Exactly retype the opening line of the entries and every line after it, ending with the line that contains "المخرج كيف كاهيل". Skip all pictures.

[Stored entries]
--------------------------------------------------

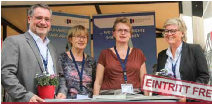
HANSEMARKT & BÜHNENPROGRAMM

17.00 Uhr Feierlicher Abschluss und Übergabe der Hansefahne an die Stadt Hattingen
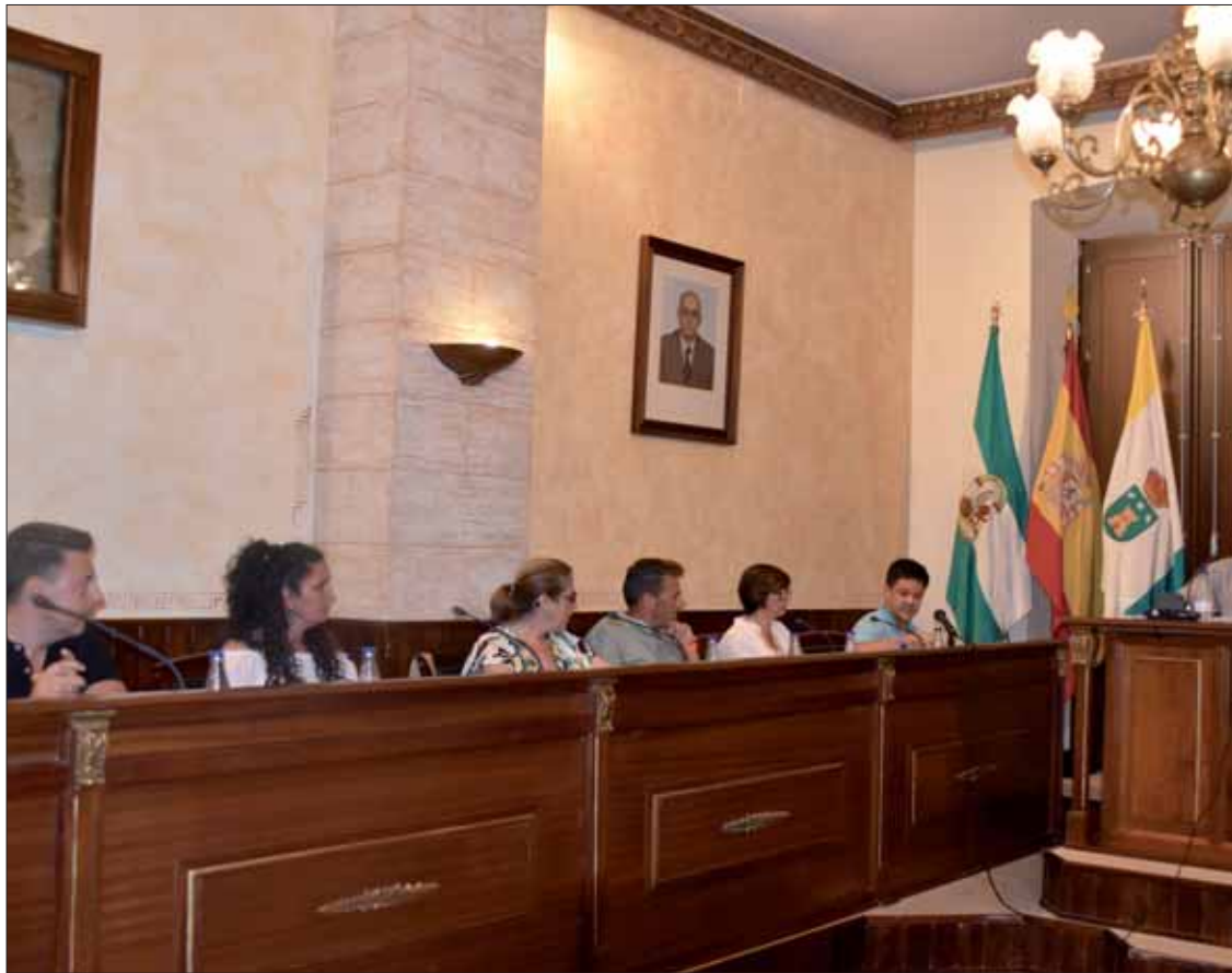
Los concejales del nuevo equipo de gobierno municipal/MM

Sin embargo, desde un primer momento, PSOE e IU siempre han defendido una iniciativa que consideraban de gran envergadura y que suponía apostar por un pueblo más transitado y peatonal. Por eso, se reunieron en esas semanas con los vecinos y los representantes del PP para buscar alternativas, con objeto de que el proyecto continuase.
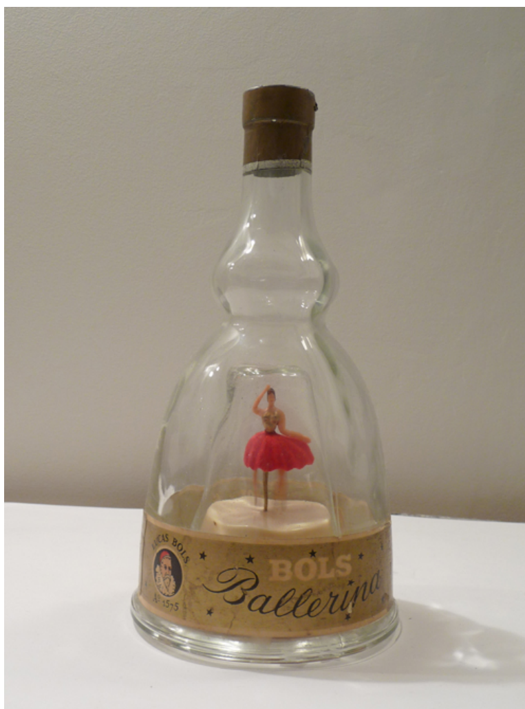
Danseuse interprète "impossible"
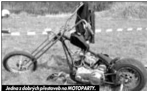
Jedna z dobrých přestaveb na MOTOPARTY.

Pítí a klábosení mezi stovkami motorkářů, kteří se vrátili z vyjížděk, všechny zaměstnalo natolik, že o tra-
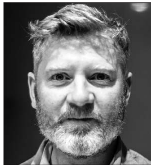
المخرج كيف كاهيل

«الأمم المتحدة» التي يتم إنتاجها من قبل جوي هورفيتز من شركة «وينشتاين» كجزء من الموسم الثالث من سلسلة أفلام لكزس القصيرة، والتي تعد تعاوناً بين شركتي «لكزس إنترناشيونال» و«وينشتاين» لدعم المواهب الناشئة في مجال صناعة السينما. وتدور أحداث فيلم «الأمة تحبس أنفاسها» الشيقة حول شباب في مقتبل العمر يوشك أن يصبح أباً، وهو متردد بين حضور معجزة ولادة طفله أو معجزة تأهل إيرلندا إلى الدور ربع النهائي من كأس العالم 1990، حيث كانت هذه المباراة أحد الأحداث الأكثر أهمية في تاريخ البلاد. ويستكشف الفيلم رحلة هذا الرجل والتحديات الصعبة التي يضعها القدر في طريقه. ويلعب دور البطولة في هذا الفيلم الممثل الإيرلندي الشهير سامم كيللي، والذي ظهر مؤخراً إلى جانب النجم برادلي كوبر في فيلمي «حرق» Burnt و«في عرض البحر» In the Heart of the Sea، بالإضافة إلى الممثلة الإيرلندية باربرا برينان، والتي اشتهرت بدورها في فيلمي «فيرونكا» Veronica Guerin و«مراقب لماري المجنونة» A Date For Mad Mary.
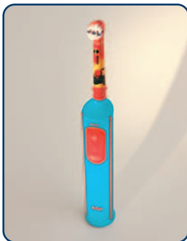
Elektrische tandenborstels voor kinderen hebben een speciale kleine borstelkop

Gebruik een tandenborstel met een kleine borstelkop met zachte haren. Zo komt u overal makkelijk bij. Zodra kinderen een tandenborstel kunnen vasthouden, kunnen ze ook elektrisch poetsen. Er zijn speciale elektrische tandenborstels en opzetborstels voor kinderen. Die zijn kleiner en daarom geschikt voor de kindermond. Poetsen met een elektrische tandenborstel is juist leuk voor kinderen. Het draagt bij aan de motivatie om het gebit goed te verzorgen. Kies een tandpasta met fluoride. Fluoride zorgt voor de
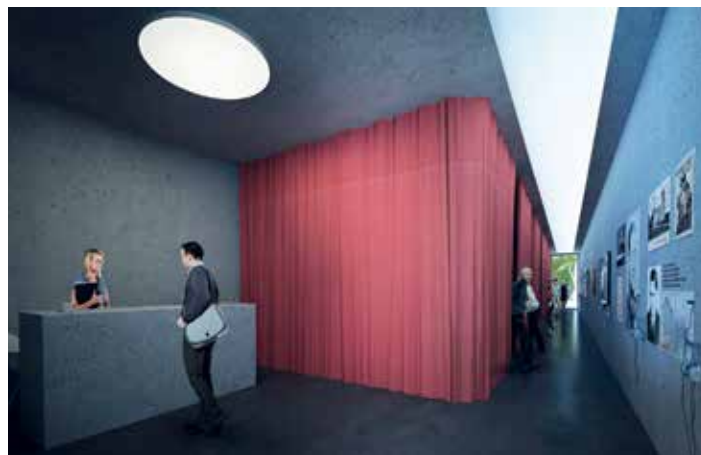
Vizualizace expozice.
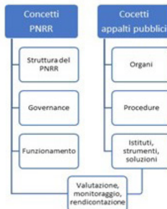
Figura 1: Elaborazione del sistema concettuale elaborato per il volume Conoscere il PNRR. 150 parole chiave per capire regole, strumenti e funzionamento del Piano Nazionale di Ripresa e Resilienza (Cozzio 2022).

Sono 14 i concetti che riguardano la “Valutazione, il monitoraggio e la rendicontazione” che congiungono il dominio specifico del PNRR con quello relativo alla legislazione italiana degli appalti pubblici: attività di controllo e di audit; doppio finanziamento (divieto del); frode; Italia domani (portale di); opzione semplificata in materia dei costi (OSC); rendicontazione di milestone e target; rendicontazione finanziaria; servizio di monitoraggio del PNRR; servizio di rendicontazione e controllo; sistema informatico unitario; Valutazione Ambientale Strategica (VAS); Valutazione d’impatto del PNRR; Valutazione d’Impatto Ambientale (VIA); Valutazione d’Impatto Sociale (Fig. 1).
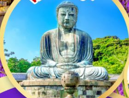
หลวงพ่อโต ไคบุตสึ
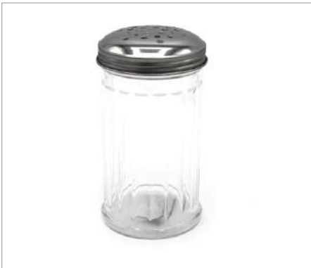
01760 Espolvoreador de queso Formato: Unidad
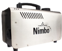
001-012-001 FireWare Nimbo machine de fumée
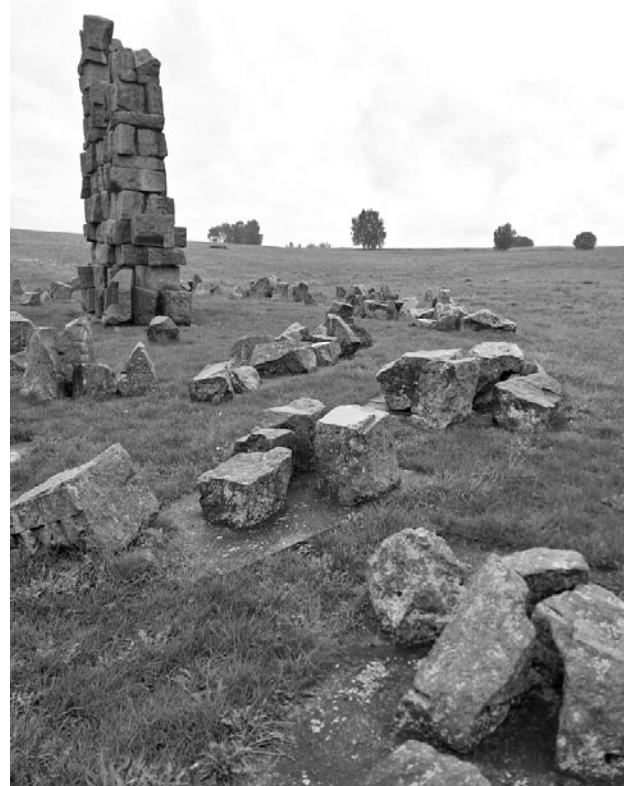
Granitowe bloki z oryginalnego pomnika na polach grunwaldzkich
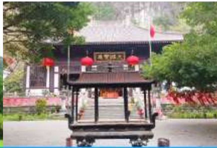
วัดซีลุน
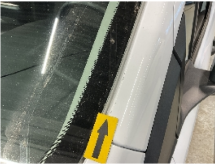
49. Lakk / karosseri utvendig

--------------------------------------------------

## Solution to the problem
HANSEMARKT & BÜHNENPROGRAMM

17.00 Uhr Feierlicher Abschluss und Übergabe der Hansefahne an die Stadt Hattingen
Los concejales del nuevo equipo de gobierno municipal/MM

Sin embargo, desde un primer momento, PSOE e IU siempre han defendido una iniciativa que consideraban de gran envergadura y que suponía apostar por un pueblo más transitado y peatonal. Por eso, se reunieron en esas semanas con los vecinos y los representantes del PP para buscar alternativas, con objeto de que el proyecto continuase.
Danseuse interprète "impossible"
Jedna z dobrých přestaveb na MOTOPARTY.

Pítí a klábosení mezi stovkami motorkářů, kteří se vrátili z vyjížděk, všechny zaměstnalo natolik, že o tra-
المخرج كيف كاهيل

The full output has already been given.